This Is What Democracy Looks Like
Yesterday, as I sat in the rain on the road in front of Parliament House, with a cop’s knee in my back, the crowd broke into a powerful chant of:
Show me what democracy looks like
This is what democracy looks like!
With Parliament House at our backs, where the Prime Minister had just personally intervened to kill the negotiations between his government and the Greens over nature laws, where fossil fuel lobbyists still hold sway over people and the planet, Rising Tide’s nonviolent protest was met with some of the harshest policing many of us have experienced in the parliamentary precinct.
After some pretty rough handling, I chose to walk away and join the four wonderful Greens MPs who had come to chant with us on the footpath. But 22 people were arrested and charged with obstruction – highly unusual for Canberra.
This escalation of the clamp-down on the right to nonviolent protest is very much part of a wider trend – a trend we will be discussing next Thursday evening in our final webinar of the year.
The NSW Government did everything in its power to stop the Rising Tide blockade in Newcastle last week in order to protect the coal corporations. They denied it official permission to go ahead, and even tried, illegally, to put in place an exclusion zone to keep us off the water – an attempt overruled by the Supreme Court at the 11th hour.

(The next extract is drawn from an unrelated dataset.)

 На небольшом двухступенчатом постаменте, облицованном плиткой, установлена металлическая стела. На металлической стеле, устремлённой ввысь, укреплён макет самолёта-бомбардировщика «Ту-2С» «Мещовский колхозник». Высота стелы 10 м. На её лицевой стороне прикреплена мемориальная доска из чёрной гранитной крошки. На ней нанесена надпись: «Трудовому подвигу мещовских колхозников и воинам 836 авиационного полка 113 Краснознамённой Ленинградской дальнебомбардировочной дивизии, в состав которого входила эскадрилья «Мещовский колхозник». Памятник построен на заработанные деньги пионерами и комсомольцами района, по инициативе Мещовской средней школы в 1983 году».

Of course, this clamp-down and over-policing are a clear demonstration of where power lies and who is using it on behalf of whom.

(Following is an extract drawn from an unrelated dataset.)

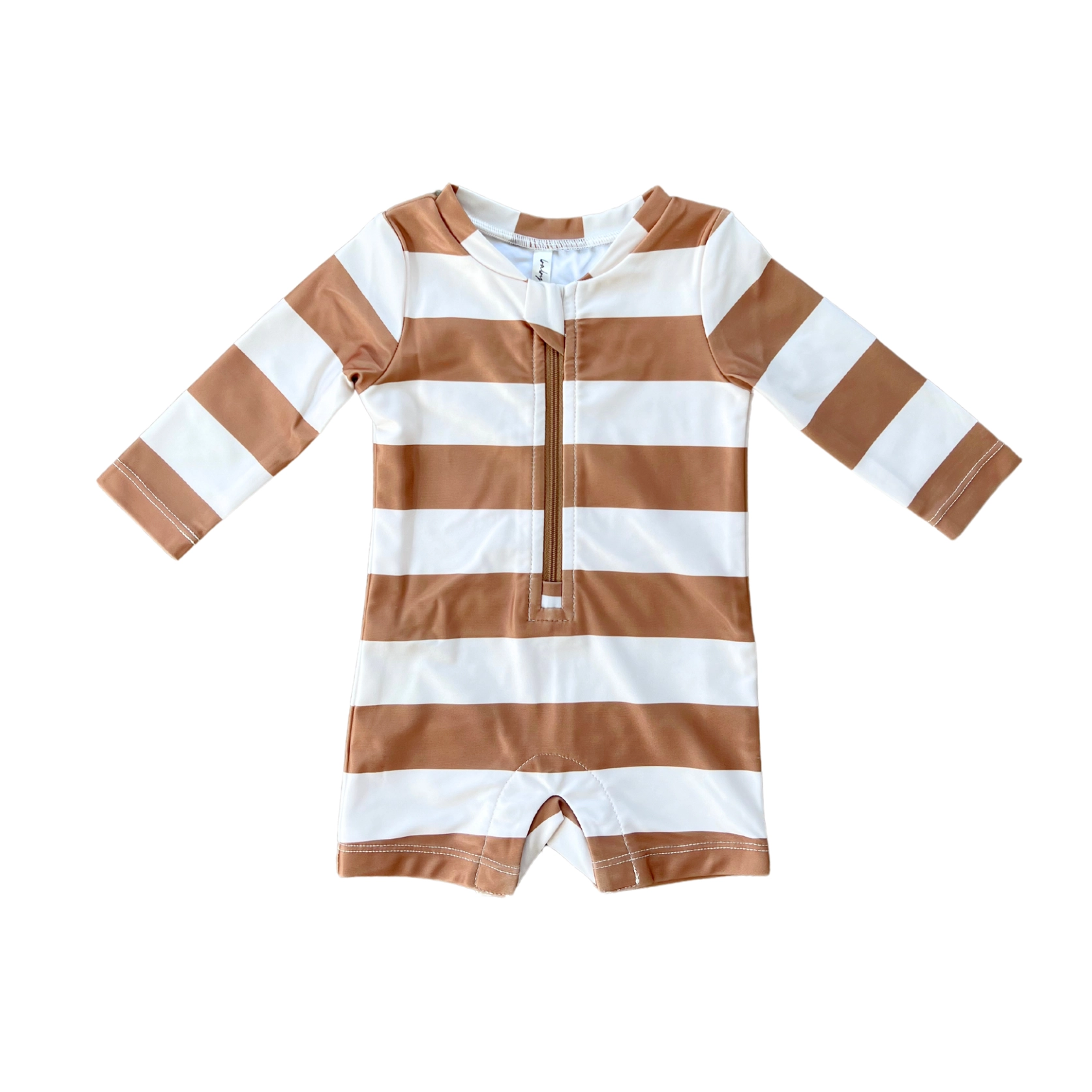 Baby One-Piece Rash Guard Swimsuit || Stripe in Toffee

I mean, look at this beautiful picture of the rebel alliance vs the Imperial Death Star:
I’m going to write up the remarkable experience at Rising Tide in detail soon. It was a superb example of not only saying NO to the old world, but also a hearty YES to the new.
Alongside blockading the coal ships and the parliament, we had a fabulous experiment with deep democracy through the spokescouncil, which I had the privilege of co-facilitating, as well as a wide array of mutual aid and solidarity economy work, with everyone chipping in to cook and clean and look after each other.
Here, at the end of the world as we know it, with our governing systems crumbling around us, this is what democracy looks like.